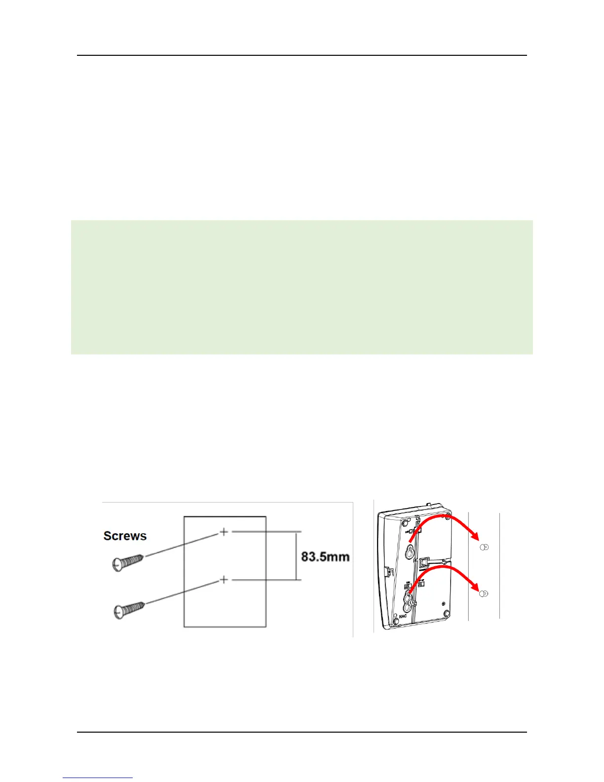 This telephone can be mounted on a wall with two screws. The screws shall be supplied by
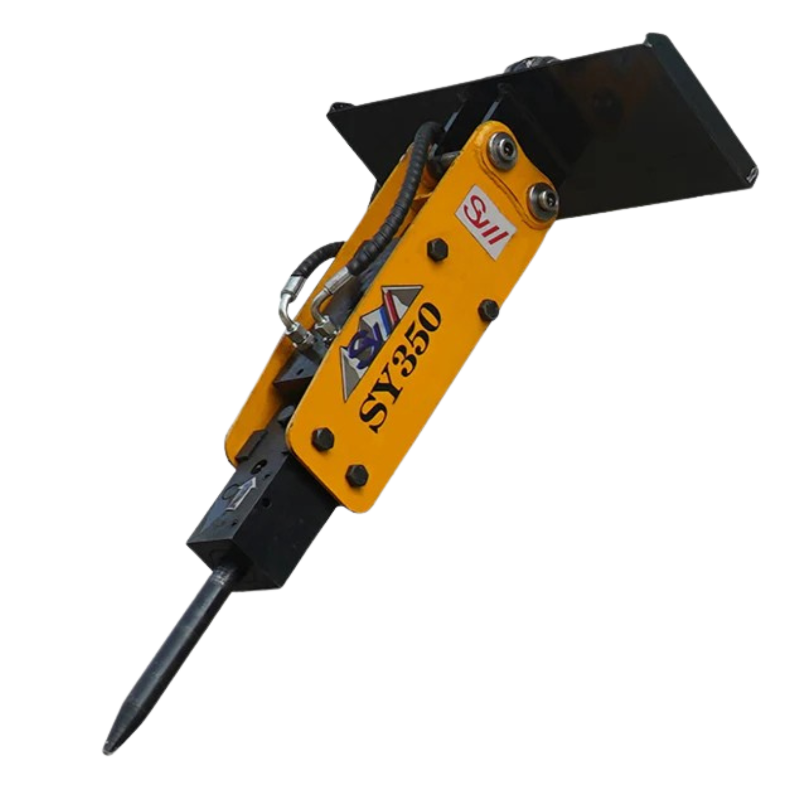 The SY350-class breaker offers the performance of larger hammers in a size optimized for mini skid steers, making it ideal for landscaping, light demolition, and construction tasks in confined areas. Powered by your loader’s auxiliary hydraulics, it operates seamlessly with responsive control, allowing you to tackle tough jobs where bigger machines can’t reach.
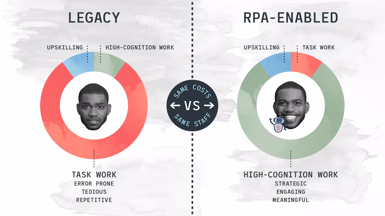 According to a Forbes survey, companies that adopted RPA saw a 92% increase in overall employee satisfaction. The results of this survey are noteworthy but not surprising, since automation enables employees to finally shift their focus from routine task work to creating a meaningful impact across the business. Employers will also benefit, as an increase in job satisfaction equates to enhanced engagement and lower turnover rates.
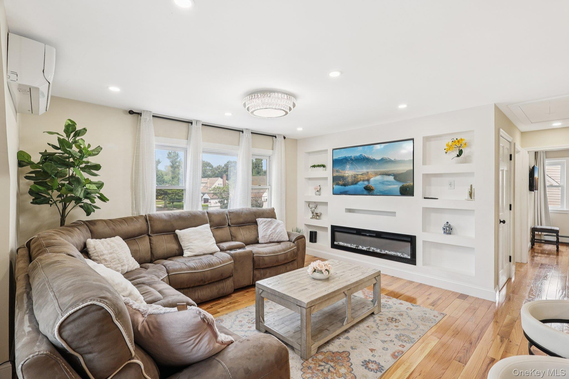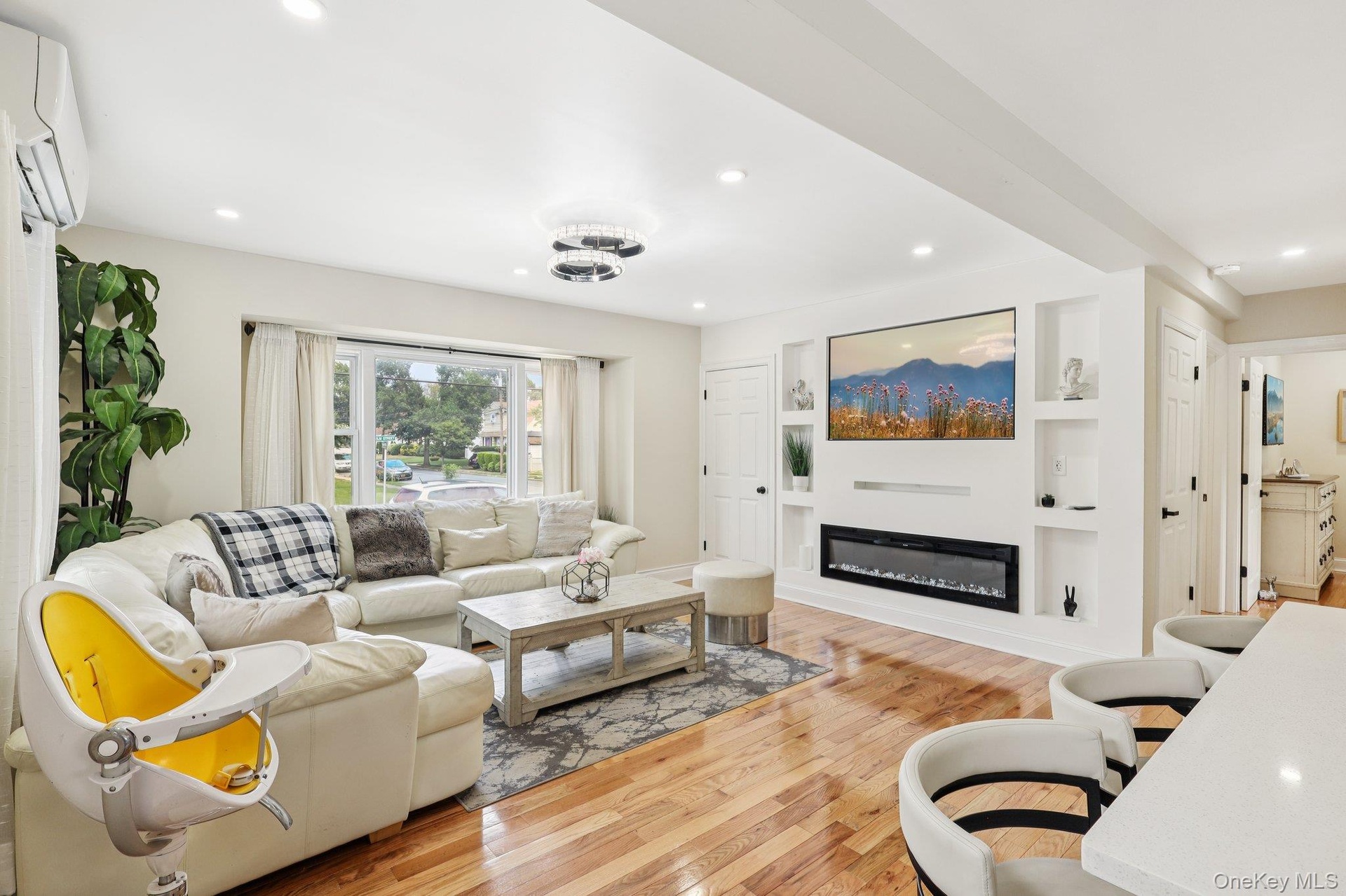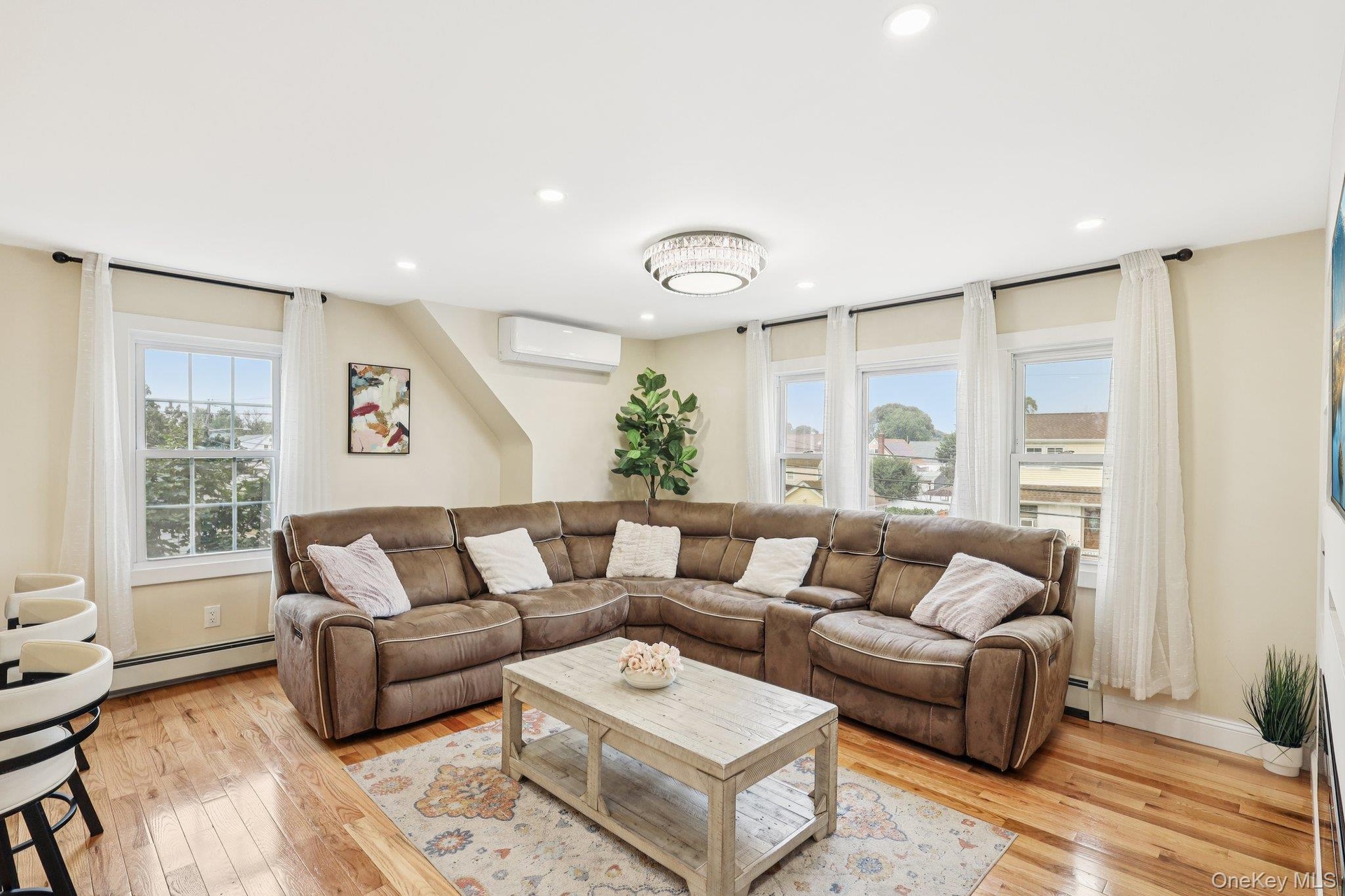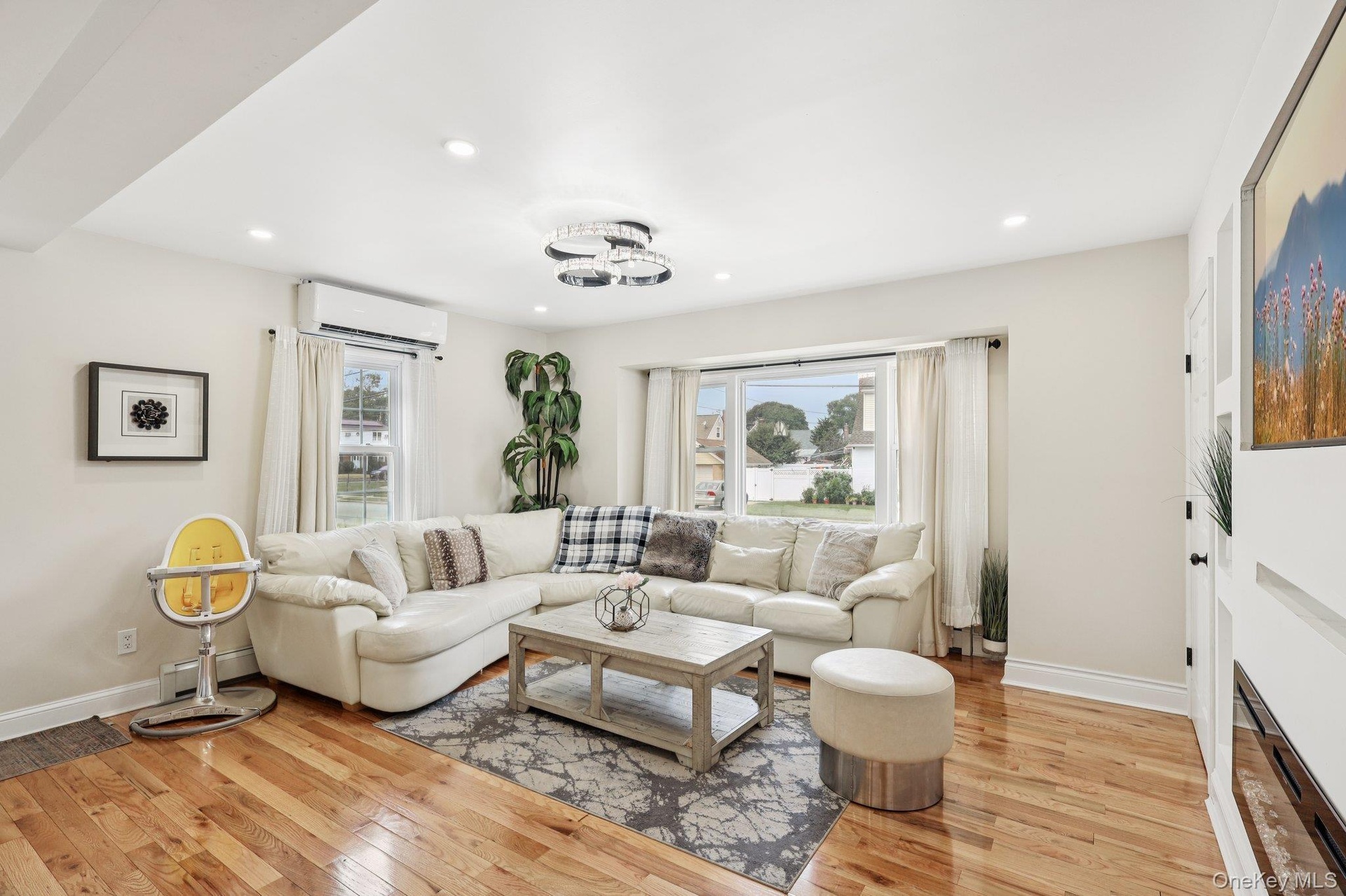 - Living area with plenty of natural light, recessed lighting, light wood-style floors, and a wall mounted air conditioner
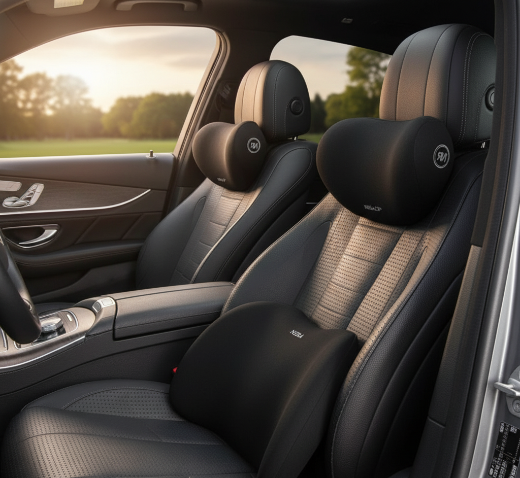 Enjoy ultimate comfort on the road with our High-Quality Memory Foam Car Neck & Back Support Pillow. Designed with breathable materials and ergonomic support, it relieves pressure and enhances posture during long drives. Suitable for all car seats.

TASK DIRECTIONS |
Copy the records above from the first line through the line containing "The SY350-class breaker", both included, and leave out any pictures.

WRITTEN ANSWER |
 This telephone can be mounted on a wall with two screws. The screws shall be supplied by
 The SY350-class breaker offers the performance of larger hammers in a size optimized for mini skid steers, making it ideal for landscaping, light demolition, and construction tasks in confined areas. Powered by your loader’s auxiliary hydraulics, it operates seamlessly with responsive control, allowing you to tackle tough jobs where bigger machines can’t reach.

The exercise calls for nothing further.